Grocery stores could sell beer and wine under renewed Maryland legislation
As excerpted from The Washington Times:
The Maryland Consumer Freedom Coalition, backed by the Maryland Retailers Alliance trade association, is renewing its effort for the state to legalize beer and wine sales in grocery stores.
Maryland Retailers Alliance President Cailey Locklair said outside a Giant grocery store Thursday that, since grocery stores and other similar retailers operate on such thin margins, allowing beer and wine sales could be the difference between shutting down and their ability to stay open, especially given competition from stores in nearby jurisdictions.

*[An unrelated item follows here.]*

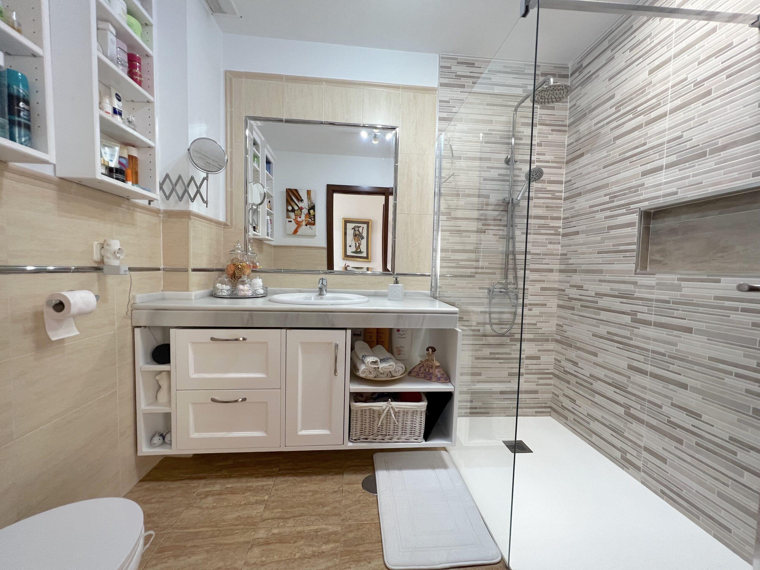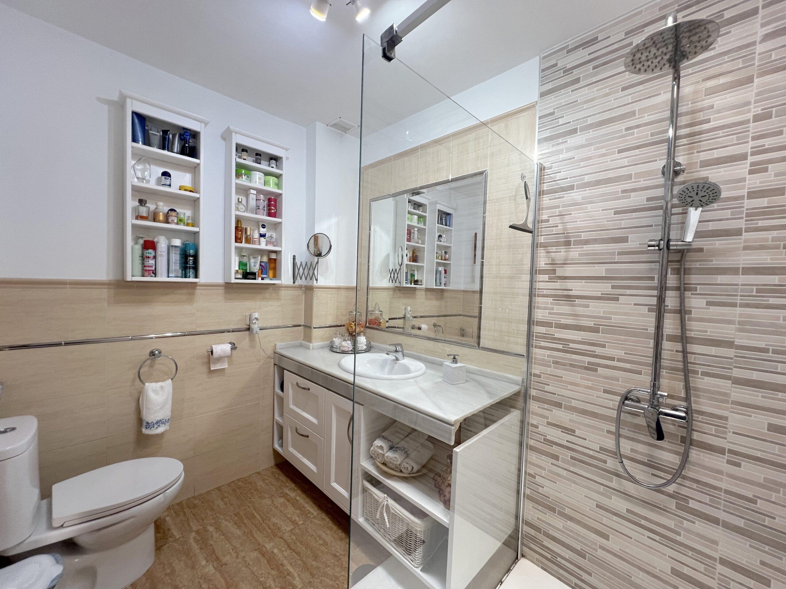 Upstairs, you will find two spacious double bedrooms. The master suite includes a walk-in wardrobe and air-conditioning, while the second bedroom also enjoys plenty of natural light. A modern family bathroom with a stylish walk-in shower completes this floor. The thoughtful layout ensures privacy and tranquillity, offering an ideal space to unwind away from the main living areas.

“In Maryland, we are at a competitive disadvantage,” Ms. Locklair said. Residents who live near the state’s borders cross state lines into the District, Pennsylvania, Virginia and West Virginia, “where there is one-stop shopping and grocery stores where they can not only buy their groceries, but also purchase their beer and wine.”
She was backed up at the press conference by state Delegate Marlon Amprey, a Democrat and sponsor of previous failed bills to legalize the sale of beer and wine outside of a select group of grandfathered-in stores.
Mr. Amprey, whose district mostly includes West Baltimore, said he was reintroducing his Alcoholic Beverages Modernization Act for the upcoming Maryland legislative session, which starts in January.
Mr. Amprey said Maryland should allow beer and wine sales in grocery stores to make it more convenient for families and workers, give grocery stores more of an edge to stay in neighborhoods that they might otherwise leave, and because of customer safety.